Potential biomarkers for BC diagnosis

In order to find out candidate biomarkers from 19 identified differential metabolites, we carried out random forest (RF), support vector machine (SVM) and boruta analysis in sequence. First, we got union set between top 10 metabolites from RF and top 10 metabolites from SVM, which were employed to carry out further selection of potential biomarkers using boruta analysis. In this study, the result of the boruta algorithm for selecting the most important metabolites is shown in Fig. 6, and a total of 11 metabolites, namely glycochenodeoxycholic acid (GCDCA), adenosine monophosphate (AMP), 5-Aminolevulinic acid, myristic acid, chenodeoxycholic acid (CDCA), salicyluric acid, proline, N-Acetylserine, picolinic acid, hydroxypropionic acid and 4-Hydroxybenzoic acid, were labeled as “Confirmed”, which could be used for model building and prediction. These 11 selected potential biomarkers were further combined by logistic regression (LR) model to build the biomarker panel, and the final receiving operator characteristic (ROC) curve is shown in Fig. 7. It can be observed that the biomarker panel had an area under the curve (AUC) of 0.983 and the values of sensitivity and specificity reached 95.3% and 100% at the best cut-off points.

Fig. 6

Relative importance (RI) of metabolites calculated by boruta algorithm

Fig. 7

Receiver operating characteristic (ROC) curve of a logistic regression model for distinguishing BCs from HCs by using 11 potential biomarkers conjunctively

Discussion

Bladder cancer is one of the most prevalent malignancies of the urinary system, which is related to multiple factors, such as genetic susceptibility, environmental exposure as well as unhealthy lifestyles [5]. In recent years, there is a trend of increased incidence and mortality worldwide for BC [28, 29]. As is known, metabolomics has proved to be a powerful technique for investigating the variation of endogenous small molecules during life activities in a high-throughput mode [10], which could help us to identify potential metabolic biomarkers and study possible mechanisms for BC. Because bladder is a temporary storage of urine and the urinary metabolic characteristics could closely reveal changes that occur during pathological conditions, urinary metabolomics has some advantages over other biological fluids, such as noninvasive collection and convenient storage. In the present study, a nontargeted UPLC-MS method was applied to profile the metabolites of urine from 29 BC patients and 15 healthy subjects. A group of 19 metabolites was discovered as differently expressed biomarkers, which mainly related to phenylacetate metabolism, propanoate metabolism, fatty acid metabolism, pyruvate metabolism, etc. (Table 3). In addition, the combination of 11 potential biomarkers showed an excellent discrimination capability of BCs from HCs, which could be potentially used for clinical diagnosis, prognosis monitoring, and early detection of BC patients.
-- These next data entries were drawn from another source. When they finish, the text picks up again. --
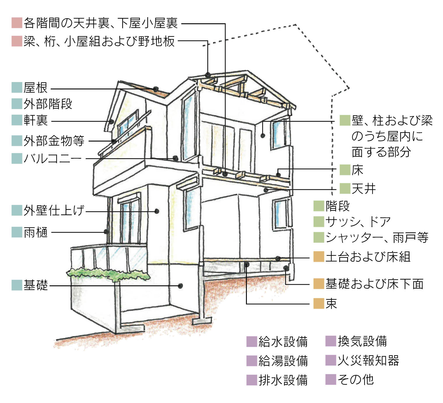 一戸建て住宅の主な住宅診断項目は以下の大きく5項目、詳細には100項目以上の診断を行います。基本的に見られるものは全部見て、さわれるものには全部さわって確認します。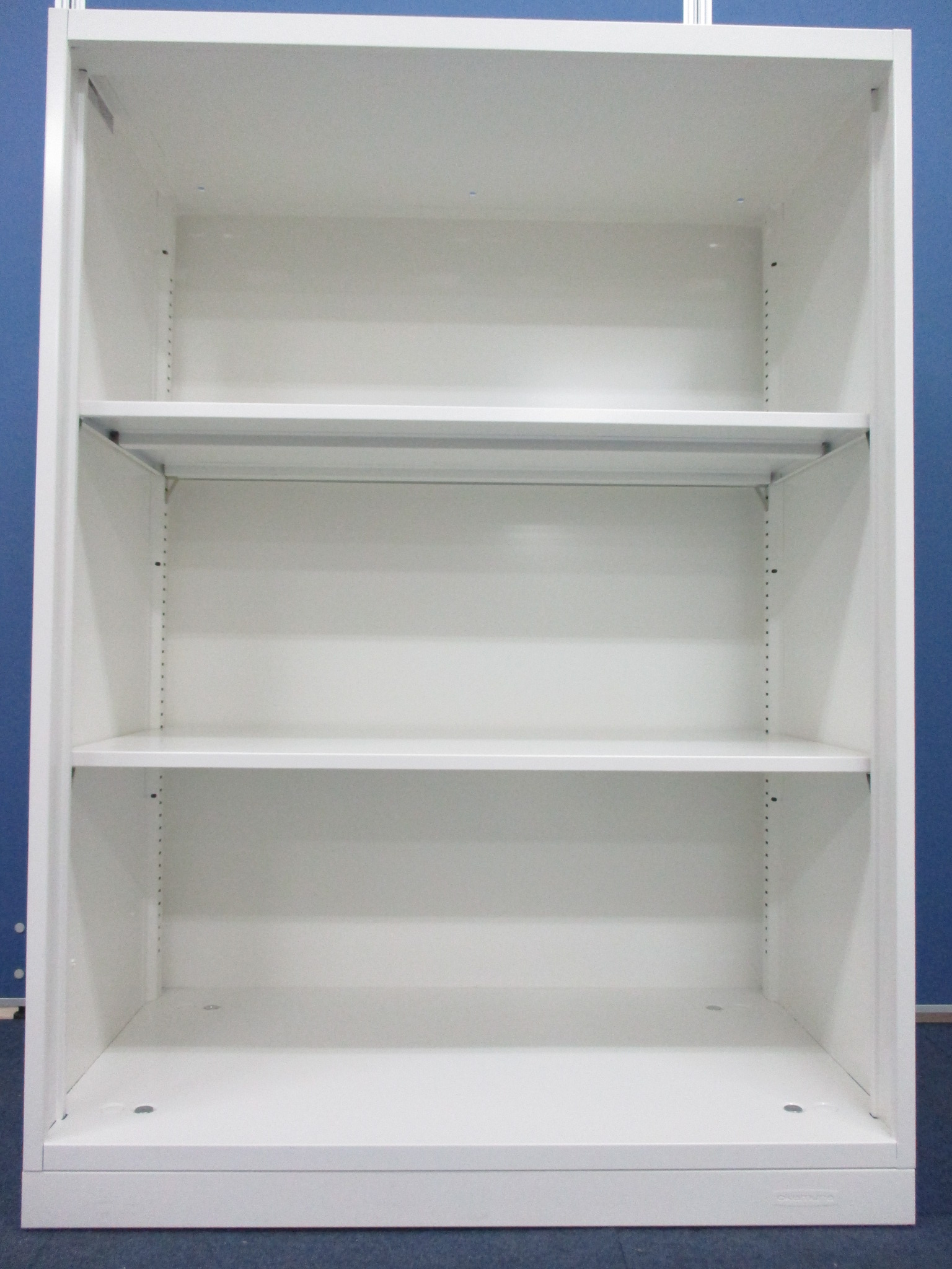 オープンキャビネットが入荷!とりあえず収納したい、書類の出し入れの多い、常に見える形で収納したい、そんなお客様におすすめ! ■オカムラ/レクトライン/ホワイト ※元は両開き書庫のため扉を外した跡がございます。
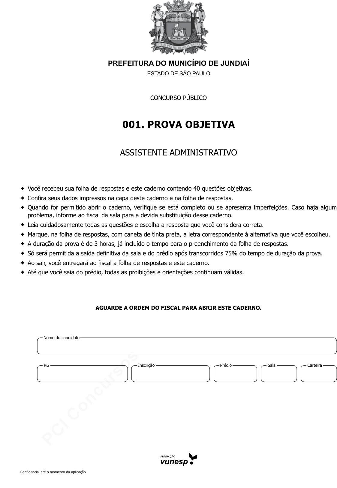 pcimarkpci MjgwNDowNDMxOmU3ZDE6OGU0NzoxNWQxOjc5YzQ6OWM0YTpkM2Ix:V2VkLCAyNiBKdWwgMjAyMyAxOTowOToxMCAtMDMwMA== www.pciconcursos.com.br Confidencial até o momento da aplicação. PREFEITURA DO MUNICÍPIO DE JUNDIAÍ ESTADO DE SÃO PAULO concurso público 001. Prova objetiva assistente administrativo � você recebeu sua folha de respostas e este caderno contendo 40 questões objetivas. � Confira seus dados impressos na capa deste caderno e na folha de respostas. � Quando for permitido abrir o caderno, verifique se está completo ou se apresenta imperfeições. Caso haja algum problema, informe ao fiscal da sala para a devida substituição desse caderno. � Leia cuidadosamente todas as questões e escolha a resposta que você considera correta. � Marque, na folha de respostas, com caneta de tinta preta, a letra correspondente à alternativa que você escolheu. � A duração da prova é de 3 horas, já incluído o tempo para o preenchimento da folha de respostas. � Só será permitida a saída definitiva da sala e do prédio após transcorridos 75% do tempo de duração da prova. � Ao sair, você entregará ao fiscal a folha de respostas e este caderno. � Até que você saia do prédio, todas as proibições e orientações continuam válidas. aguarde a ordem do fiscal Para abrir este caderno. Nome do candidato Prédio sala carteiraInscriçãorG pcimarkpci MjgwNDowNDMxOmU3ZDE6OGU0NzoxNWQxOjc5YzQ6OWM0YTpkM2Ix:V2VkLCAyNiBKdWwgMjAyMyAxOTowOToxMCAtMDMwMA== www.pciconcursos.com.br 2PMJU2105/001-AssistenteAdministrativo Confidencial até o momento da aplicação. conHecimentos gerais Língua Portuguesa Leia o texto para responder às questões de números 01 a 05. O desafio Vou desafiar meus leitores e minhas leitoras. É um con- vite a uma posição mais científica na formulação de opiniões. O pensamento científico tenta enfrentar o que for “precon- ceito”. Dentre muitos sentidos, a palavra indica um conceito surgido antes da experiência, algo que está na cabeça sem observação da realidade. Como na parábola dos cegos que apalpam um elefante, uns imaginam que a forma do mamífe- ro seja de uma espada por tocarem no marfim, outro afirma ser uma parede por tocar seu abdômen e um terceiro garante que é uma mangueira por ter encostado, exclusivamente, na tromba. (…) Tenho encontrado defensores e detratores apai- xonados da obra do recifense [Paulo Freire]. Encontro bem menos leitores. Lanço o desafio cheio de esperança no cen- tenário dele: antes de defender ou atacar Paulo Freire, leia dois livros dele ao menos. Depois de ler e examinar a obra, (…) emita sua sagrada opinião, agora com certo embasa- mento. Educação é algo muito sério. Paulo Freire encarou o gravíssimo drama do analfabetismo. Hoje vivemos outro tipo de drama: pessoas que possuem a capacidade de ler e se recusam a fazê-lo. (Leandro Karnal. O desafio. Jornal O Estado de São Paulo, set.2021. Adaptado) 01. A partir do texto, pode-se concluir que o autor (A) convida os alfabetizados e os analfabetos a valoriza- rem a ciência para que se combata o racismo exis- tente contra os intelectuais. (B) desafia os leitores a uma postura mais científica na formulação de opiniões, de modo que elas sejam mais embasadas e menos preconceituosas. (C) alerta para a seriedade da educação e nega o aspec- to sagrado das opiniões que precisam ser fundamen- tadas cientificamente. (D) condena os leitores que observam a realidade local para emitir uma opinião, assim como ocorre na pará- bola dos cegos. (E) sugere que se elabore uma opinião que não defenda nem detrate a obra de Paulo Freire, visto que a edu- cação é algo sério. 02. Assinale a alternativa que apresenta, correta e respecti- vamente, sinônimos para os termos em destaque no tre- cho – Tenho encontrado defensores e detratores. (A) Favoráveis e adeptos. (B) Indagadores e críticos. (C) Escarnecedores e defensores. (D) Apoiadores e difamadores. (E) Caluniadores e concordantes. 03. Assinale a alternativa cujo termo em destaque forma o plural em –ões, assim como no termo em destaque do trecho – …formulação de opiniões. (A) É preciso manifestar o desejo de ser doador de órgão. (B) A Constituição garante o direito do cidadão. (C) O carnaval tem sido aguardado pelo folião. (D) É preciso saber partilhar o pão. (E) Nem sempre o nosso irmão é de sangue. 04. Considere as frases retiradas do texto: • Tenho encontrado defensores e detratores apaixona- dos da obra do recifense. • Encontro bem menos leitores. Assinale a alternativa que apresenta a união dessas fra- ses sem prejuízo ao sentido atribuído pelo autor. (A) Tenho encontrado defensores e detratores apaixo- nados da obra do recifense, visto que encontro bem menos leitores. (B) Tenho encontrado defensores e detratores apaixo- nados da obra do recifense, por isso encontro bem menos leitores. (C) Tenho encontrado defensores e detratores apaixo - nados da obra do recifense, mesmo que encontre bem menos leitores. (D) Tenho encontrado defensores e detratores apaixo- nados da obra do recifense, porque encontro bem menos leitores. (E) Tenho encontrado defensores e detratores apaixo- nados da obra do recifense, no entanto encontro bem menos leitores. 05. No trecho – … emita sua sagrada opinião… –, a função do termo destacado pode ser também observada em: (A) É um convite a uma posição… (B) Dentre muitos sentidos. (C) Educação é algo muito sério. (D) Lanço o desafio cheio de esperança… (E) … conceito surgido antes da experiência. pcimarkpci MjgwNDowNDMxOmU3ZDE6OGU0NzoxNWQxOjc5YzQ6OWM0YTpkM2Ix:V2VkLCAyNiBKdWwgMjAyMyAxOTowOToxMCAtMDMwMA== www.pciconcursos.com.br 3 PMJU2105/001-AssistenteAdministrativoConfidencial até o momento da aplicação. 08. Assinale a alternativa em que a frase apresenta correta- mente a correlação verbal. (A) Se Dolores tornar seus dias úteis, ela recebeu seu livro. (B) Se Dolores tornara seus dias úteis, ela receberia 
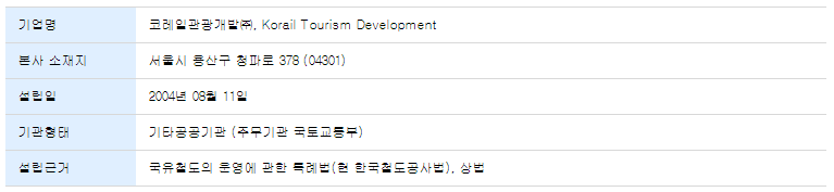 코레일관광개발㈜는 서비스 전문기업으로서, 철도 인프라를 기반으로, 관광여행상품을 만들고, 고품격 서비스를 제공하며, 지자체와 연계사업을 통하여 지역경제, 사회발전에 이바지하는 철도 서비스 전문 기타공공기관 입니다.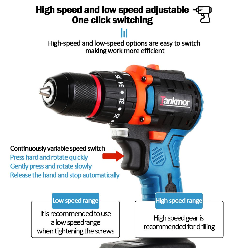 Hot Tankmor Mesin Bor 3In1 Cordless Impact Drill Screwdriver Multifungsi – Bor Listrik Untuk Beton, Kayu, Besi, Dan Temb

Significantly altered metabolites and related pathways

Among the 19 differential metabolites, the changes of AMP, glycoursodeoxycholic acid (GUDCA) and palmitoylcarnitine were the most dramatic ones with FC>2. Adenosine monophosphate, known as AMP, is a nucleotide that is found in RNA. AMP can be produced during adenosine triphosphate (ATP) synthesis by the enzyme adenylate kinase urine (Human Metabolome Database). The AMP-activated protein kinase (AMPK) is sensitive to cellular AMP/ATP ratio, in which a high AMP or low ATP level activates AMPK [30, 31]. In the present research, the content of AMP in BCs was higher than that in HCs. AMPK activation could provide a growth advantage to tumor cells by regulating cellular metabolic plasticity, thus providing tumor cells the flexibility to adapt to metabolic stress [32]. The role of core enzyme (AMPK) was analyzed by using Onconmine and cBIO portal. As showed in the following Fig. S3, it was found that the survival probability of Protein Kinase AMP-Activated Catalytic Subunit Alpha 2 (PRKAA2, one sub-type of AMPK) altered patients was relatively lower than those without alteration. Higher expression of AMP could result in the worse survival conditions.

The potential biomarkers of GUDCA, CDCA and GCDCA were also belonging to the group of bile acids, and they were all up-regulated in urine from BC patients as compared to the HC group. Bile acids are physiological detergent molecules, so are highly cytotoxic. Meanwhile, it is found that conjugated bile acids can activate the sphingosine 1-phosphate receptor 2 that activates intracellular ERK1/2 and AKT signaling to promote the invasive growth of cholangiocarcinoma, which is commonly associated with chronic cholestasis [33], and overexpression of bile acids in urine might result in worse condition of urinary bladder, even cancer. It was reported that bile acids were implicated as etiologic agents in cancer of the gastrointestinal tract, including cancers of the esophagus, stomach, small intestine, liver, biliary tract, pancreas and colon [34]. The bile acids could generate cellular reactive oxygen species and induce multiple stresses on cells including DNA damage, endoplasmic reticulum stress and mitochondrial damage, which lead to genomic instability, apoptosis, necrosis, autophagic cell death, etc. [35-38].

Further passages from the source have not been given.